Le Conseil Supérieur de l’Audiovisuel a engagé en mai 2013 une réflexion sur la publicité pour le cinéma à la télévision, qui aujourd’hui fait l’objet d’une interdiction générale. Ce travail a conduit à réaliser une série d’auditions des professionnels du secteur de la télévision, du cinéma et de la publicité, à propos de cette question. Les deux Syndicat de télévisions locales avaient ainsi été auditionnés. TLF avait exprimé une position favorable à l’ouverture à la publicité télévisée de ce secteur jusque-là interdit, en rappelant notamment que tout notamment dans un contexte de crise économique, toute ressource supplémentaire est la bienvenue. Mais l’apport concrètement mesurable des recettes publicitaires qui pourraient être engendrées avait été nuancé.

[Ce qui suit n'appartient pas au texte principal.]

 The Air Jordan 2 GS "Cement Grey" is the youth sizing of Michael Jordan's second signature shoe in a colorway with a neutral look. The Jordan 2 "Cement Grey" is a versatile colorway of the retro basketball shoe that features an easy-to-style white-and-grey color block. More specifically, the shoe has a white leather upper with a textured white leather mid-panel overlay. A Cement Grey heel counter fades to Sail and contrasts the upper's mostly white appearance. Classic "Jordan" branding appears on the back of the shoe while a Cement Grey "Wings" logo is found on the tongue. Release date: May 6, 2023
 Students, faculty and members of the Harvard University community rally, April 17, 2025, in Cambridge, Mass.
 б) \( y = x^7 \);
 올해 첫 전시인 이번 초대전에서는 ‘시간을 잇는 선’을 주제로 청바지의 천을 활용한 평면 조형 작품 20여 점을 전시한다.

Dans le bilan de cette réflexion, certains points ressortent :

  • la quasi-totalité des organisations professionnelles du cinéma s’est opposée à une ouverture du secteur du cinéma à la publicité télévisée.

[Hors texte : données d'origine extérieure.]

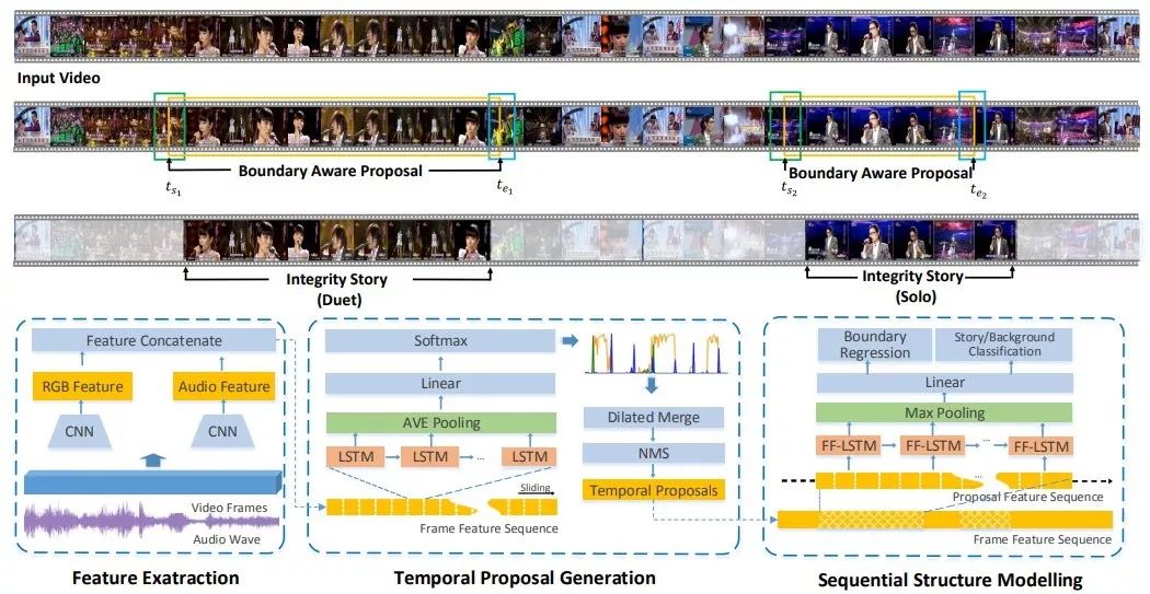 给定一段输入的长视频,先提取出基于 RGB 的 2D 卷积特征和音频特征,并将它们连接起来。在时间提议生成组件中,将这些特征输入 BAN,预测每帧的吸引力和边界性质。然后执行一个扩张融合算法(dilated merge algorithm),根据帧级的吸引力和边界性质分数生成时间提议。在序列结构建模组件中,通过 FF-LSTM 建模每个提议的序列结构,这能输入提议的分类置信度分数以及经过细化微调的边界。
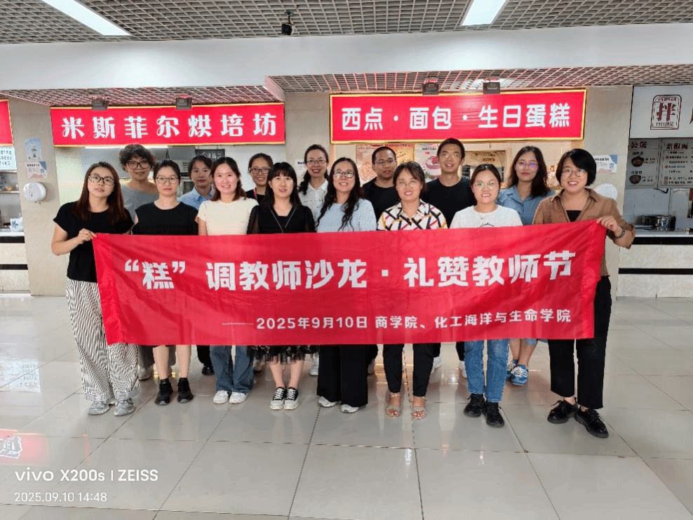 躬耕教坛守初心,跨界交流谱新篇。在第 41 个教师节来临之际,为致敬辛勤耕耘的教育工作者,打破学科壁垒、丰富校园文化生态,2025 年 9月10 日下午,商学院工会与化工海洋与生命学院工会携手,于美食广场米斯菲尔烘焙坊温情启幕“‘糕’调教师沙龙・礼赞教师节”活动,为两院教师搭建起深度对话、协同共进的温馨平台。
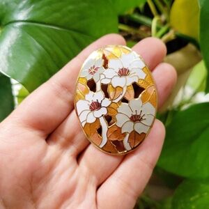 grandmother grandmothers grandmother's gift present holiday stocking stuffer stuffers boutique pink amber like orange white brown yellow tone flower flowers estate oval shape shaped large vintbro CRAS
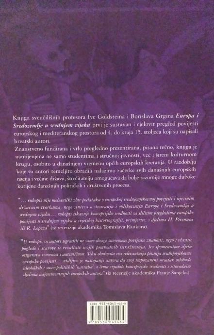 Knjiga EUROPA I SREDOZEMLJE U SREDNJEM VIJEKU, GOLDSTEIN i GRGIN
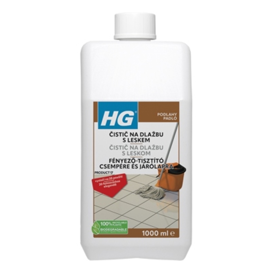 HG čistič na dlažbu s leskem nalijte 50 ml do kbelíku (5 l) s vlažnou vodou. Poté vytřete podlahu řádně vyždímaným mopem nebo hadrem a pravidelně je namáčejte v roztoku. Podlahu neoplachujte ani znovu nevytírejte a nechte ji oschnout. 1 litr vystačí na 20 použití, balení je tedy zároveň levné!
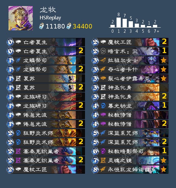 “在玩龙牧这套卡组时建议旁边摆上一本《白露的龙牧攻略》。”从这个版本龙体系重新引入牧师的构筑,牧师的思路就已然不同于上个版本的控制思路,所以现在的龙牧的一个构筑趋势是暮光幼龙的引入,增强卡组的战场性,构筑上更是可以直接放弃裂心者满编暮光幼龙。既然说到这里,着重提一下龙牧中的裂心者使用,除去丢掉对手的重要卡这一作用之外,龙牧中的裂心者有很多时候会充当一个另类的“洛欧塞布”。之所以这么说,是当你把龙牧当作是一个压场的节奏型卡组就可以理解了,利用暮光幼龙等龙的研习效果提前压场,配合赛泰克等滚雪球,然后在手里有裂心者时注意费用和手牌情况(没有优质解),在一个很合适的时候直接换给对面,利用场面直接压死对手。而这需要数个回合对手牌跟之后节奏的规划,这也是牧师的难点所在,大数据的牧师数据很不好看很大的原因在于绝大多数玩家对裂心者的使用很成问题,而这往往也会成为区分现在牧师熟练度的一个很好的指标。如果读者对自己的裂心者使用没那么自信,建议是干脆携带第二张暮光幼龙,虽然减少了更多的可能性,但是不会因为一些“降智操作”丢掉本该拿下的对局。至于留牌和诸多细节,建议熟读《白露的龙牧攻略》。
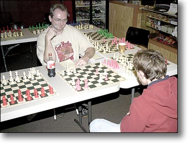 Over 25 games were played including Steele’s multi-player game. Chess enthusiasts from all over came to test their skills, including a family from Enterprise and Dothan, AL. A total of $167 was raised for the Ardmore Boys and Girls Club after a $40 donation from the Coffee Pod. Door prizes were donated for the benefit and the winners were randomly drawn. Tom Rezall won a Four Game Chess Set, Steve Spray won Collectible Chess Pieces, Alexander Beck won a Class Chess Game, Michelle Higgs won a Scooby Doo Activity Book, Edmond Labate won a 99 piece Art Pack and Victoria Beck won a Giant Lawn and Checkers Set. Even without the weather’s full cooperation, the benefit was successful, and plans are already in the making for next year’s event. |
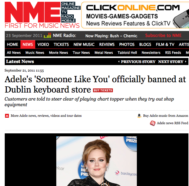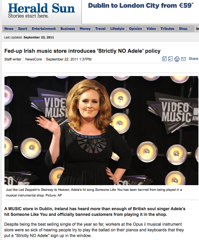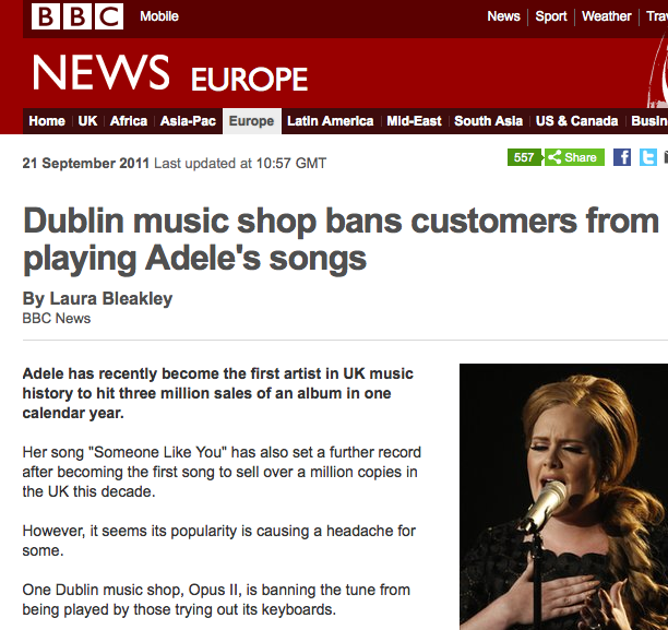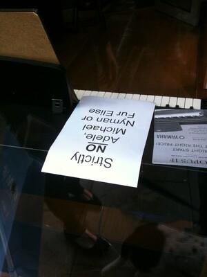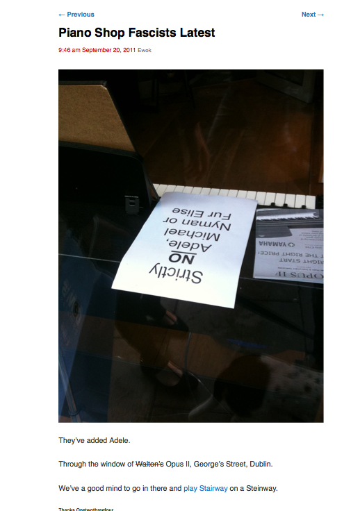 A shot taken through the window of Opus II piano shop on George’s Street, Dublin is sent in by regular contributor ‘onetwothreefour’ with the subject header: ‘Slightly Amusing Pic’.

  • la quasi-totalité des chaînes/ groupes de télévision sont favorables à cette ouverture, en arguant du paradoxe de la situation actuelle : il existe pour eux une obligation de financement des œuvres audiovisuelles mais, contrairement à Internet, l’Affichage non concernés par cette obligation, ils ne peuvent en tirer aucun bénéfices publicitaires.

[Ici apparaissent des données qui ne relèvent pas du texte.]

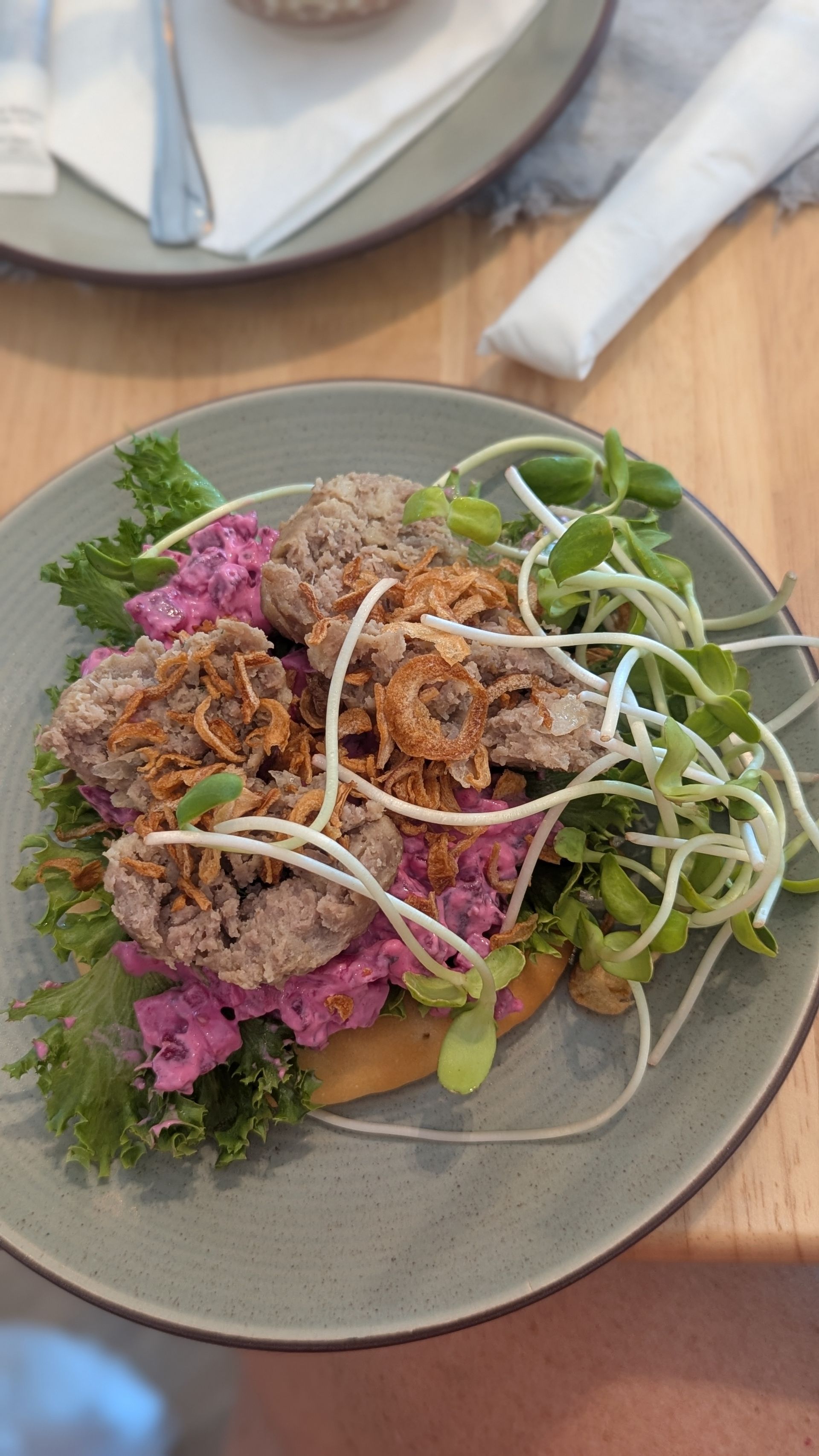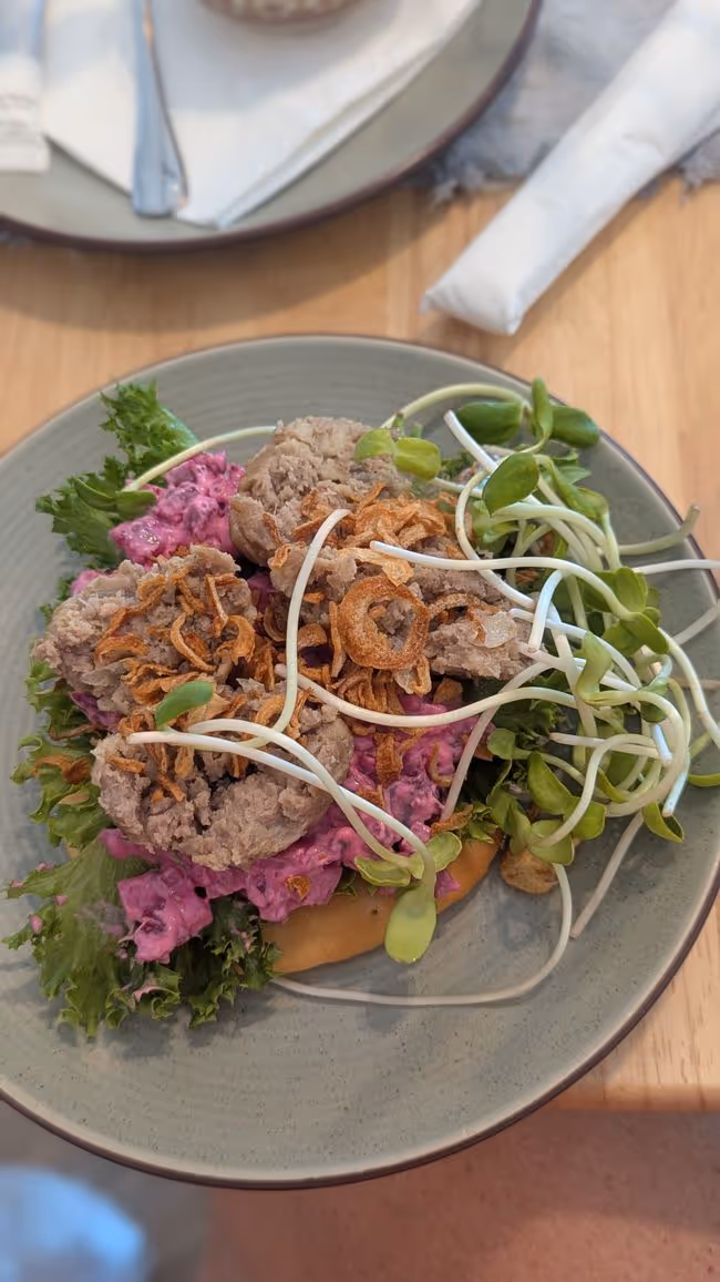 Dann sind wir bis zum Fika gelaufen, um dort zu frühstücken: ein Fleischbällchen-Sandwich mit Rote-Bete-Salat. Wir haben uns auch kurz mit dem Besitzer unterhalten, der uns erzählte, dass heute Abend dort eine Vernissage mit Fotokunstausstellung stattfinden würde. Diesen Samstag beginnt die Schwedenwoche, die – trotz ihres Namens – nicht schwedisch ist, sondern die fünf ethnischen Gruppen der Insel zusammenbringt. Sie findet an dem Strand statt, wo einst alles begann. Seitdem hat sich die Insel natürlich im Süden stark weiterentwickelt.

    Les chaînes locales avaient notamment mis en avant que la publicité au niveau local, permettrait de toucher et cibler plus facilement le téléspectateur et client de cinéma et permettrait une publicité géolocalisée des distributeurs.
  • les professionnels de la publicité ont estimé que le marché de la publicité télévisée pour le cinéma représenterait entre 10 et 70 millions d’euros.
    Suite à ces auditions, les différentes options proposées par les intervenants auditionnés ont été soumises au Conseil au mois de novembre 2013 : ce dernier s’est prononcé en faveur d’une évolution du secteur de la publicité télévisée pour le cinéma, estimant que la situation actuelle de statu quo est préjudiciable pour les chaînes.

Parallèlement, la DGMIC (Direction Générale des Médias et Industries culturelles) a lancé en juillet 2013 une consultation publique sur d’éventuelles modifications à apporter au régime juridique applicable à la publicité télévisée, au parrainage télévisé et au placement de produit.
Plus large dans son champ d’étude que celle du CSA, elle a également abordé les autres secteurs interdits à la publicité télévisée et a travaillé sur la question des offres promotionnelles de la grande distribution. Le Syndicat TLF y a contribué.

A ce jour, la règlementation du CSA en matière de publicité télévisée n’a pas évolué.